Wednesday, August 20, 2008

Classifying Students

Warning! Politically incorrect message follows!

School begins in less than a week, and all the usual teacher stuff is happening. Department meetings are taking place this week to tell us at the last second that we have to change what we planned for the semester. Copiers are breaking down. Software for online courses is seizing up. Just the usual stuff. I've been at this game for a long time and I know who I'll be meeting this coming Monday. My students break down into several categories that are very obvious from the first week or so.

Top Students
Motivated, well prepared, eager to learn and able to write from day one. These students are often frustrated by my classes because the assignments and the lectures really are below them. Some of them write better than I do.

Bottom of the heap and see no hope
Students walk in and announce, "I can't write, and I never could. No force on earth can turn me into a person who can understand a written page or write something that makes sense." I think some of these people have been mistreated by previous teachers, and now they are making excuses for the lack of effort they will show during the semester. Until this kind of person loses this attitude, there's not much I can do.

Bottom of the heap and arrogant about it
These people come in several flavors:

  • "This class is a waste of time because I'll never write anything anyhow." These students don't understand the realities of the modern business world, but they are probably right about never writing anything again—though they will have to learn to say the phrase, "Would you like fries with that?"
  • "I learned it differently in high school (or somewhere else), so the whole English department is wrong." Let me ask you a gentle question: who is likely to know more—someone who remembers what was said to a class of 14-year-olds by a teacher with a bachelor's degree in general education, or a college lecturer with a master's or doctorate in English composition?
  • "My brand of English is the only right one, so most of what you are telling me is wrong." Whatever you speak—white Kentucky rural, black inner-city, or California surfer—is the only legitimate English? And the people who run businesses and colleges (and give out the money and power) are all wrong? Amazing! Good luck!

Most of my students are in the middle
Kind of OK about writing and grammar and all that. Kind of frightened. Not too sure about how to proceed. This is the easiest group to teach, so most of what I do is aimed here.

What you can do

Top Students: Don't tune out. Stretch yourself. Ask the teacher for permission to do things that might be beyond the basic assignment. Have fun with English composition.

Desperate and frightened: Spend a lot of time with people in the writing lab. Talk to your English teacher about your fears. Don't give up on yourself or take failure as part of your essential identity.

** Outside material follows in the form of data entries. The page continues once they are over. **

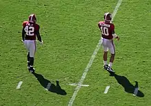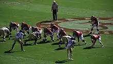 In the 2011 season opener against Kent State, Lacy contributed 134 yards of offense, which were 76 receiving yards on three catches and 58 rushing yards on eight carries (an average of 7.3 yards per rushing carry).[25] His 48-yard gain on a screen pass was the longest passing play of the game. Asked in a post-game press conference if he had hit the "Circle Button" a few times in the game, Lacy joked, "Yeah, I did a few spin moves."[26] The Birmingham News wrote that Lacy "ran more impressively" against Kent State than the Crimson Tide's No. 1 running back, Trent Richardson.[27] Another commentator led his coverage of the Kent State game with the headline, "Lacy, not Richardson, has look of Heisman-caliber RB in game one."[28] After the game, head coach Nick Saban noted, "Eddie's a fast guy, an explosive guy."[28] Photographs of Lacy hurdling over Kent State defensive back Calvin Tiggle were published in news outlets across the United States and in Europe,[29][30][31] with one such image being chosen by Yahoo Sports as its lead "Photo of the Day."[32]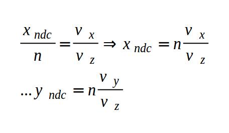 So this is how we find the projection of 'p' at infinity on the near plane. Now here's a bit of magic - turns out that to calculate Xp and Yp according to the above we just need to multiply the vector (Vx, Vy, Vz, 0) (where 'V' is the vector from the light source to point 'p') by the view/projection matrix and apply perspective divide on it. We are not going to prove it here by you can try this yourself and see the result. So the bottom line is that whenever we need to rasterize a triangle that contains a vertex which was extended to infinity along some vector we simply multiply that vector by the view/projection matrix while adding a 'w' component with the value of zero to it. We will use that technique extensively in the GS below.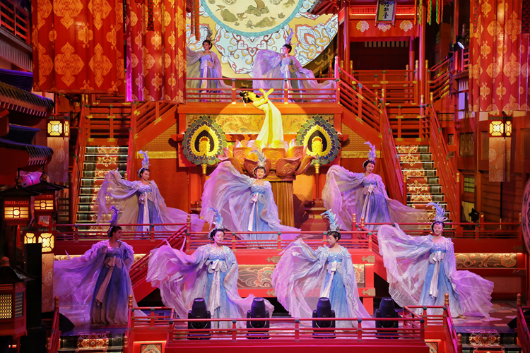 “長安十二時(shí)辰”主題街區(qū)內(nèi)的霓裳羽衣舞表演。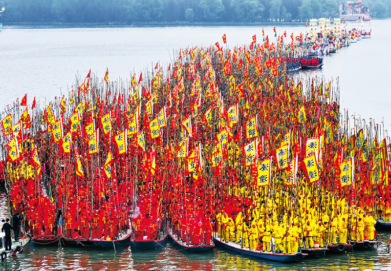 2024年4月6日,泰州姜堰溱潼会船在江苏省泰州市姜堰区溱湖国家湿地公园开幕,数百条各式各样的船只和上万名会船选手云集溱湖,飞篙走桨,奋勇争先,呈现“千篙万桨闹溱湖,百舸争流逐春潮”的壮观场景,演绎历久弥新的民俗画卷。溱潼会船由南宋相沿至今,历经数百年传承,被列入国家级非物质文化遗产名录。图为当日参加溱潼会船表演的船只在湖面上整装待发。 新华社发 顾继红/摄
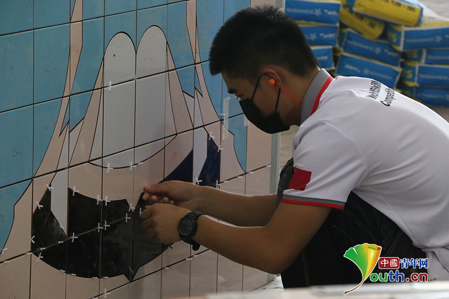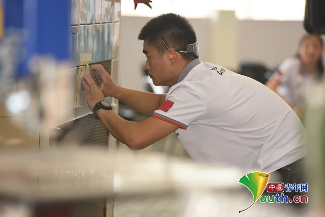 然而在瓷砖贴面这项技艺里,崔兆举坦言,自己并不是一个有天赋的人,学院集训队选拔时差点落选,后来多次考核成绩不理想,每一次的训练都要花比别人更多的时间才能取得一点点的进步。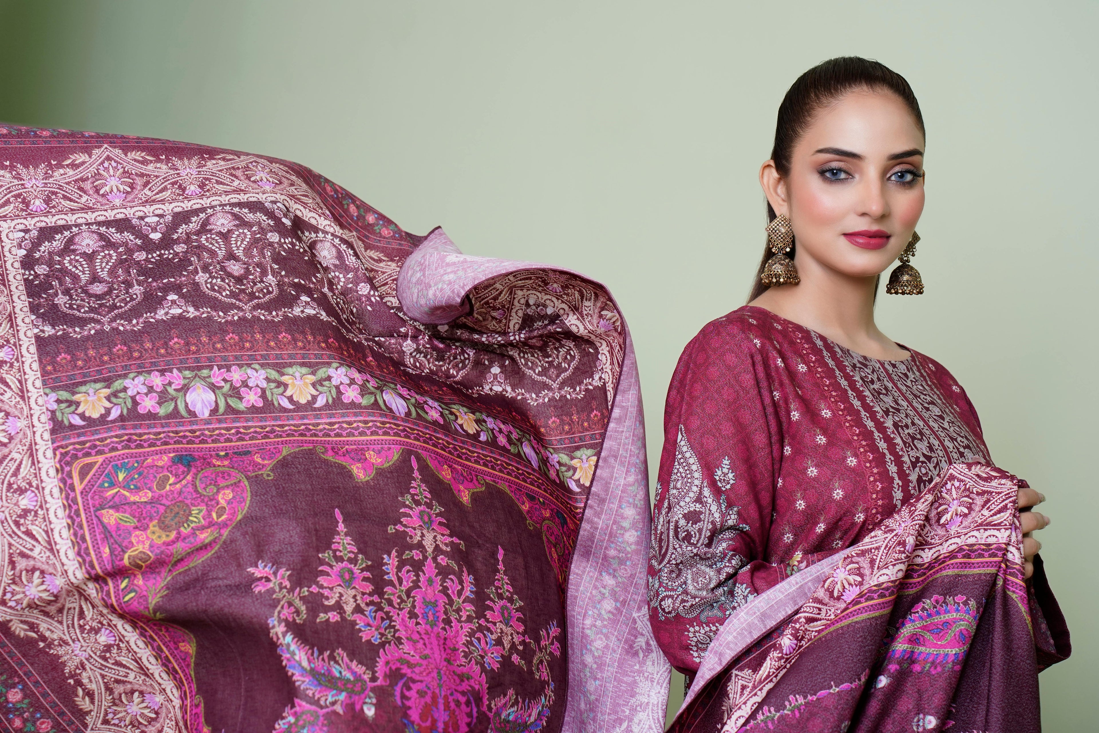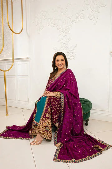 Royal Deep Plum Embroidered Velvet 3-Piece Suite – Winter Festive Edition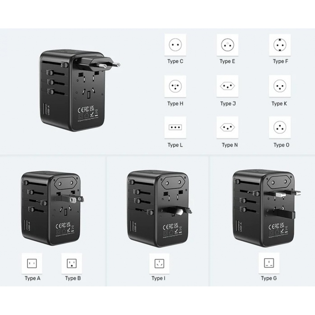 El adaptador de viaje universal de 100 W de UNITEK está equipado con 4 puertos de carga USB-C PD (máximo 100 W) y 1 puerto de carga USB-A (máximo 12 W) que pueden cargar hasta 5 dispositivos simultáneamente. Es ideal para viajes, viajes de negocios o estudios en el extranjero. Los enchufes de viaje integrados se pueden utilizar en más de 200 países de todo el mundo.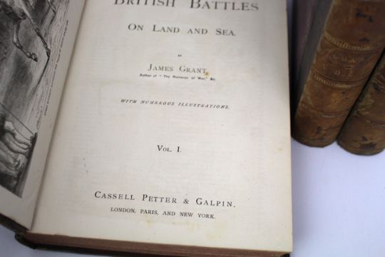 A complete three–volume set of British Battles on Land and Sea by James Grant, published by Cassell, Petter & Galpin, London, Paris and New York.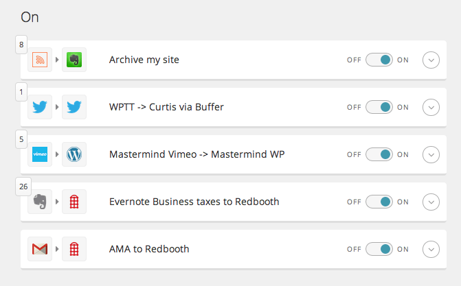 Tie in Zapier and Scanner Pro and I can take a photo of a receipt which automatically uploads to a special Evernote notebook. Then Zapier takes over and pushes the note in to a task in Redbooth so that my book keeper can enter the receipt.

Arrogant: Lose the attitude. College is a waste of time for you if you didn't come here to be changed into something different and better. There's really nothing I can teach you if you're fighting every inch of the way. (By the way, you'll probably fail the course because doing the assignments right and on-time just won't be your thing.)

The ones in the middle: Sometimes you need to pretend you're in the top group: write imaginative stuff, have fun with the assignments, and ask for more intensive work. Sometimes you need to pretend you're in the "Desperate and frightened" group: visit the writing lab and learn to trust in your own abilities. Aim at getting really good at writing.